Boris the British Trump? Not So Fast…

With Boris Johnson succeeding Theresa May as Tory leader, many believe the United Kingdom now has its “British Trump” — but the American and the Englishman are not as similar as they might appear.

Britain’s governing Conservative Party, often still referred to as the Tories, like their 17th-century Cavalier forebears, has for many years been an only notionally right-wing party, dominated by “centrists” roughly equivalent to so-called Republicans In Name Only, or RINOs, in the United States.

Successive generations of Tory prime ministers have supporting handing away national sovereignty to the European Union and its predecessor organisations, with even the late Margaret Thatcher being a supporter of the bloc before her dealings with it in office changed her mind.

More recently, David Cameron and especially Theresa May have enthusiastically embraced the left-“progressive” stance on a wide range of policies, including climate change, lavish spending on foreign aid, the alleged gender pay gap, and a raft of measures designed to tackle supposed racial disparities and “hate speech”.

The party has also presided over massive levels immigration, with party grandees openly admitting that senior ministers do not support repeated but unkept manifesto promises to reduce it, while allowing the British Army, Royal Air Force, and Royal Navy to shrink to historically low strengths, and police manpower to fall by tens of thousands.

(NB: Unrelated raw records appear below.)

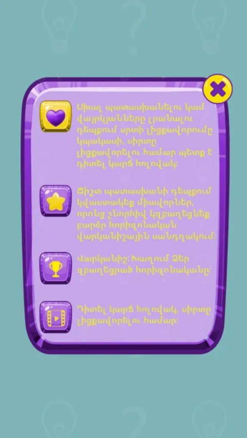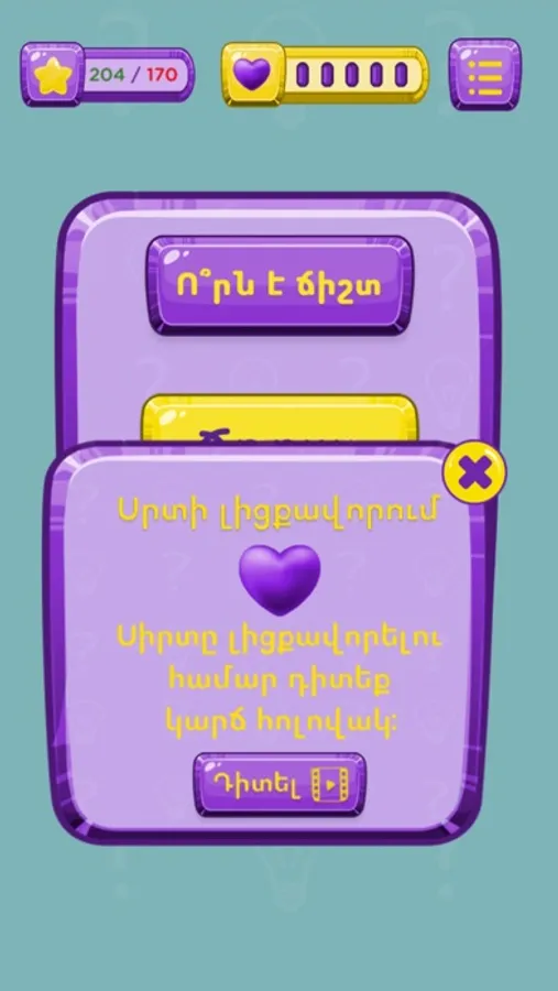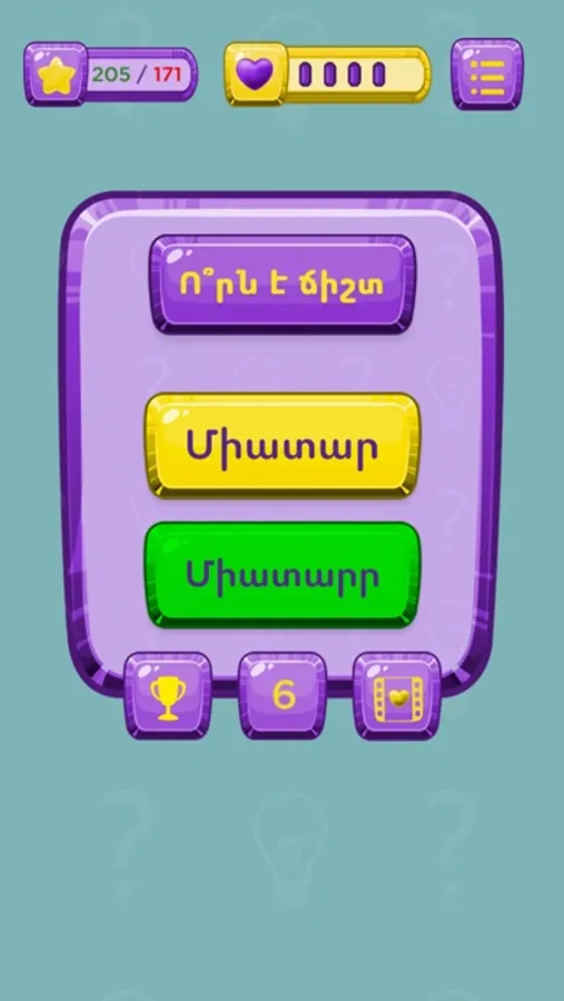 "Vorn e jisht" - an intellectual learning game that will help you remember and learn the spelling of a number of Armenian words, the spelling of which is often misused. If you find any mistakes in the game, you can inform us by writing to our e-mail: digibrain.pro@gmail.com Thank you for downloading and playing the game, have fun.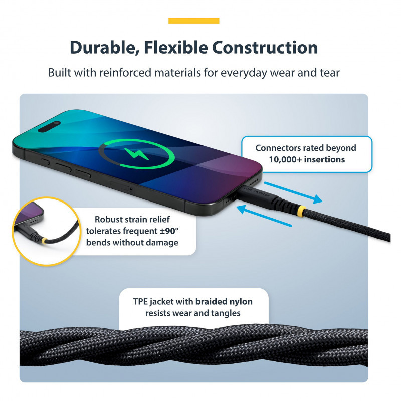 The USB-C Charging Cable features a TPE inner jacket with a braided nylon exterior for optimal flexibility and wear protection. The durable nickel-plated connectors are designed for frequent daily use, and are rated to operate beyond 10,000 insertion cycles.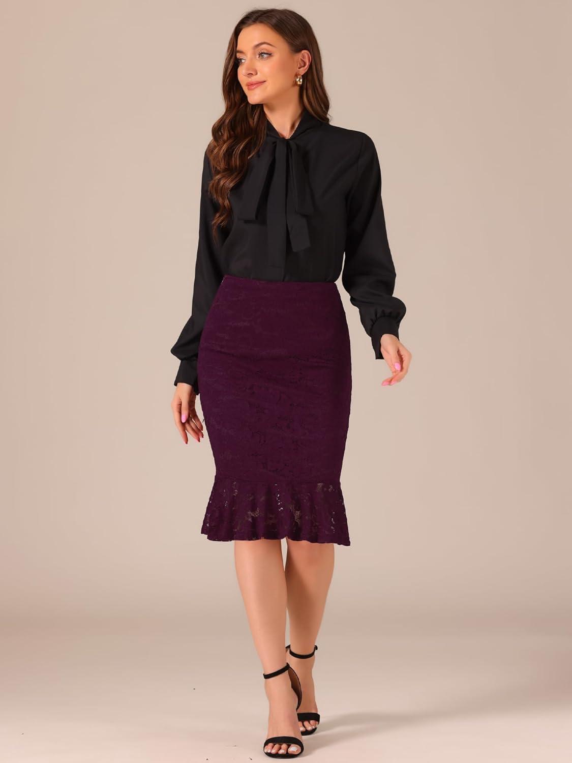 Allegra K Women’s Lace Skirts Elegant Casual Work Office Skirt Knee Length Bodycon Fishtail Lace Pencil Skirt(Burgundy)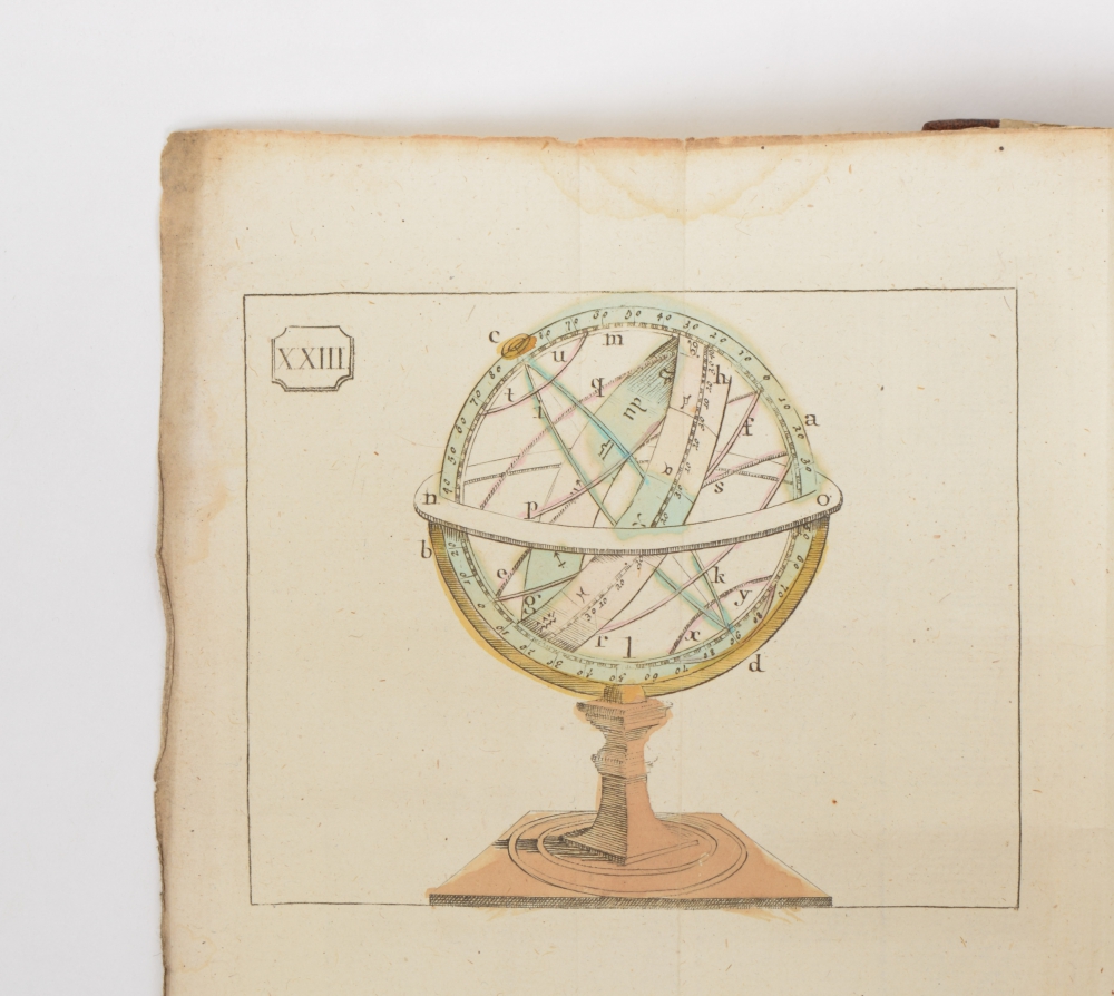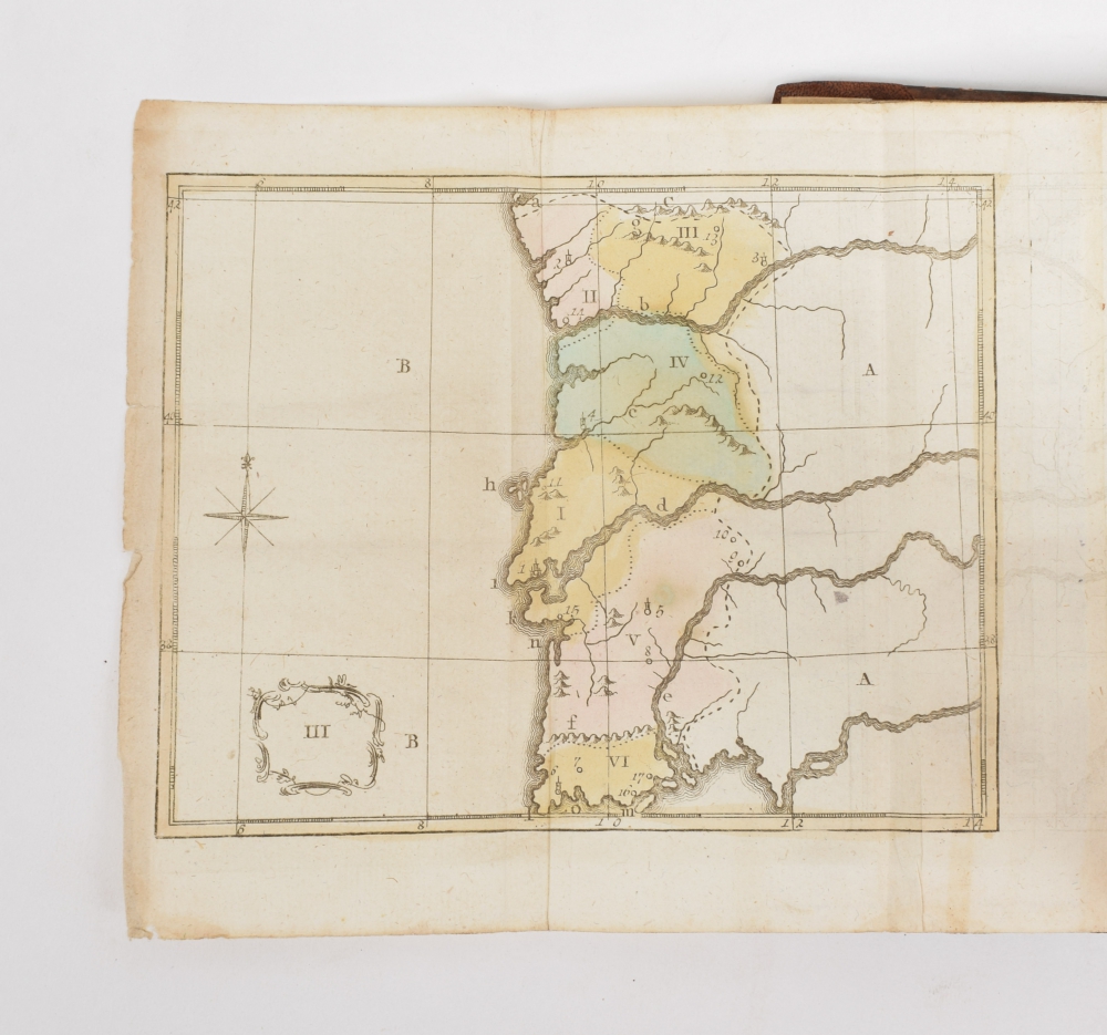 ou Principes clairs pour aprendre facilement en peu de tems la géographie; suivi d'un traité méthodique de la sphere (...) enrichie de XXIV cartes enluminées. Huitième édition, considérablement corrigée. Amsterdam & Leiden, J. van Gulik and A. & J. Honkoop, 1799, (4),II,53 [=253],(3) p., with handcoloured, engraved frontispiece, 22 folding, handcoloured engraved maps and another 2 folding, handcoloured plates, contemporary marbled calf, gilt ribbed back with morocco letterpiece.

Boris Johnson, known for his florid and often politically incorrect speech and prose, as well as his high-profile support for Brexit during the EU referendum in 2016, is therefore viewed with some horror by the left-liberal commentariat, who see in him a Trumpian figure who will put the minority of broadly conservative — with a small “c” — or at least libertarian-leaning Tory MPs who more accurately reflect the sensibilities of the Tory membership and voter base in the party’s driving seat for the first time in decades.

But the evidence suggests Johnson has little in common with the American leader beyond his outward support for nation-state sovereignty, being a passionate supporter of immigration and even an amnesty for illegal immigrants and boasting of his own Muslim Turkish heritage.

Mr Johnson is also a big supporter of free trade with sweatshop economies like the People’s Republic of China, while President Trump has taken active measures to protect American workers from what he sees as unfair competition — and Johnson has also backed the Iran nuclear deal negotiated by Obama and kept alive by the EU after his successor pulled out of it.

Perhaps most tellingly of all, during his time as London mayor Johnson was among the many establishment politicians in Britain to publicly and stridently disparage Mr Trump when he was merely one of several candidates for the Republican nomination for the presidential race — a contest in which Democrat frontrunner Hillary Clinton was expected to obliterate him at the polls even if he somehow did make it through.

“When Donald Trump says that there are parts of London that are no-go areas, I think he’s betraying a quite stupefying ignorance that makes him, frankly, unfit to hold the office of President of the United States,” he sneered in an interview in late 2015.

“I would invite him to come and see the whole of London and take him round the city except that I wouldn’t want to expose Londoners to any unnecessary risk of meeting Donald Trump,” he added — a riff on similar comments that “the only reason I wouldn’t go to some parts of New York is the real risk of meeting Donald Trump.”

Even now, despite President Trump’s praise for Johnson, and Johnson’s attempts to build something of a rapport with the American now that he leads the U.S., Johnson is reported to selecting his Cabinet picks based in part on a desire to assure people that indeed he is not a “British Trump”.